Dr. Laura Marie Grimes said...

You're back on line, yayy.

Thanks for the kind words and hugs and Tim-quote. It's pretty tough here with moving and grief and other PTSD triggers....

You go, woman, for taking care of yourself and ditching the big bad box. Lots of prayers and hugs back atcha.

Kate said...

Yeah, right now we're what I'd call 'a fine pair', huh? What with one thing and another...and another...and another...

I'd bring you some boxes, but the commute's a little far. Got all mine at work last time...I suppose the place had to be good for something. I'm _still_ unpacking.

...ah, well. Prayers for you as always, my dear. You hang in there. I said so.

Anonymous said...

Congratulations, Kate! I know you can make it work. I'm so chuffed for you! Guess I need to stop by with my credit card - you do have a couple things I've been eyeing. :-)

Yaaaayyyyy!!!!!

Kate said...

Jeez-o-pete, hun, I was just going to send you something. You do need relaxing, after all. I'll just slip it in with everything else, so to speak.

...thank you! And thank you for the kind words as well. I'm terrified but determined. :)

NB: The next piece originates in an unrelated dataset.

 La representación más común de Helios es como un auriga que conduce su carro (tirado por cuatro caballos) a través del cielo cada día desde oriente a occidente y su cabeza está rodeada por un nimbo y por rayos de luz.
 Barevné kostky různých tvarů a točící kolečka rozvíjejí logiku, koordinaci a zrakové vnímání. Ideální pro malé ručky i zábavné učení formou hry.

Dr. Laura Marie Grimes said...

Oh, it wasn't till last night that I realized that, on the liturgical calendar at least, your personal independence day coincides with the first anniversary of Sophia Catholic Communion. It was Monday in the novena of Pentecost last year that the planets converged and Peg made the brilliant suggestion to begin....So I am taking that as a propitious sign for the growth of your business (and a part time, pleasant day job in the interim if necessary).

Kate said...

...oh.

Well!

How very, very cool. :)

Also? The official date of the commencement of my business, at least from the point of view of the IRS, is...Beltane.

Just to. You know. Yeah.

*off growin things*

Nina said...

Go for it!

Sometimes waiting for everything to work out is waiting too long.

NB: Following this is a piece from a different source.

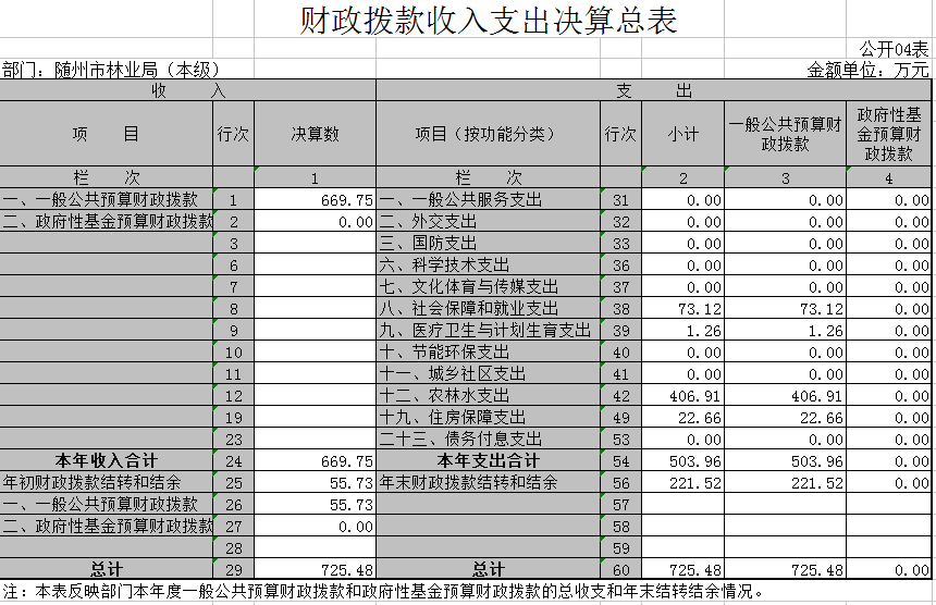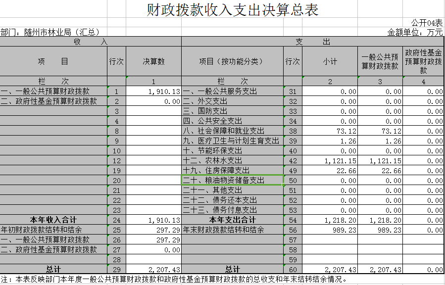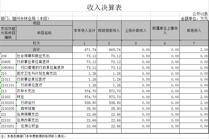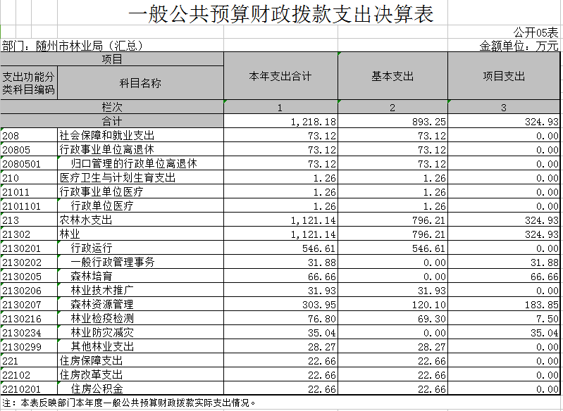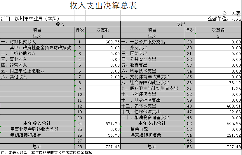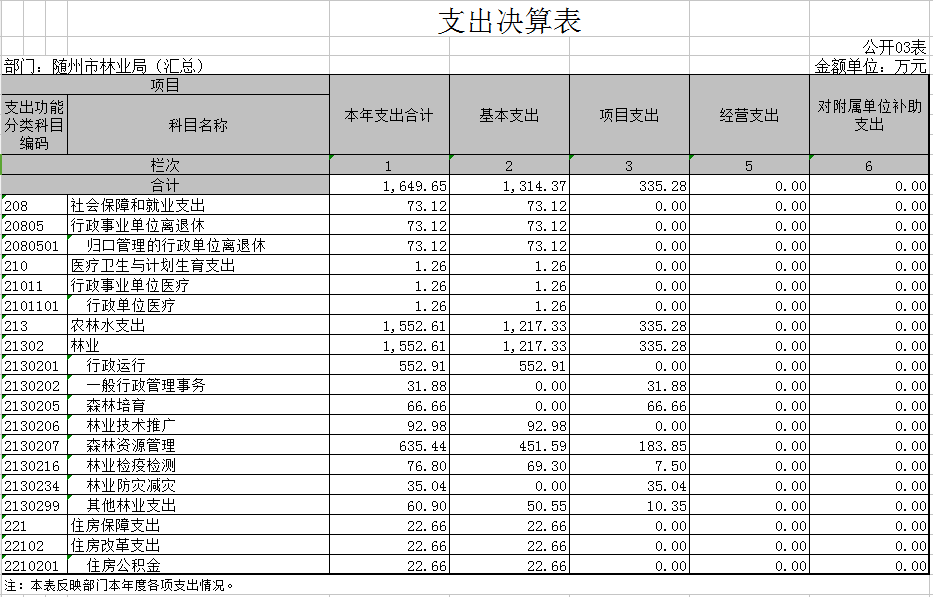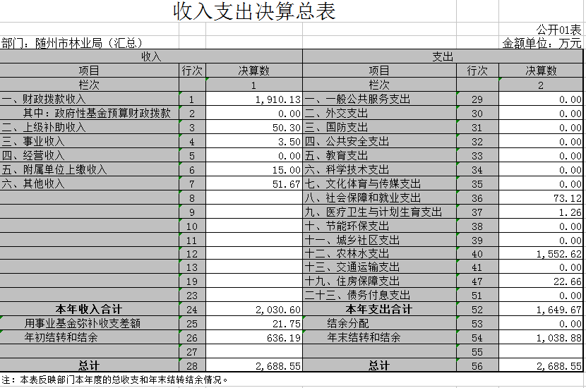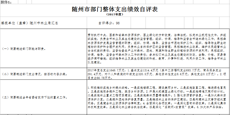 一、隨州市林業(yè)局2017年部門決算表(匯總)

May everything come together for you.

Kate said...

Thanks Nina!

...yeah, it was getting to that point.

Plain Foolish said...

Good luck. *hugs*

Rae Trigg said...

Much luck, Kate. Yes, it's scary to run your own business. But I know you'll make it work.

Kate said...

Thanks, you guys. *hugs*

Kirstin said...

Prayers of course-and thanks for dropping by.

Kate said...

Thanks you -- and you're welcome!

Dr. Laura Marie Grimes said...

Hey, I think this is your first day of freedom...woohoo! Lots of prayers.

I'm heading out to San Diego for a life coach training and get to stay with Peg, yayy.

(((Kate)))

Kate said...

...you know, it should have been...

But somehow I miscalculated and wound up working, instead. Ah, well; Monday was always one of my favourite days to work. And I got to say goodbye to a lot of people I wouldn't otherwise have seen. So it's all good.

Today is my first day of freedom, and I'm loving it!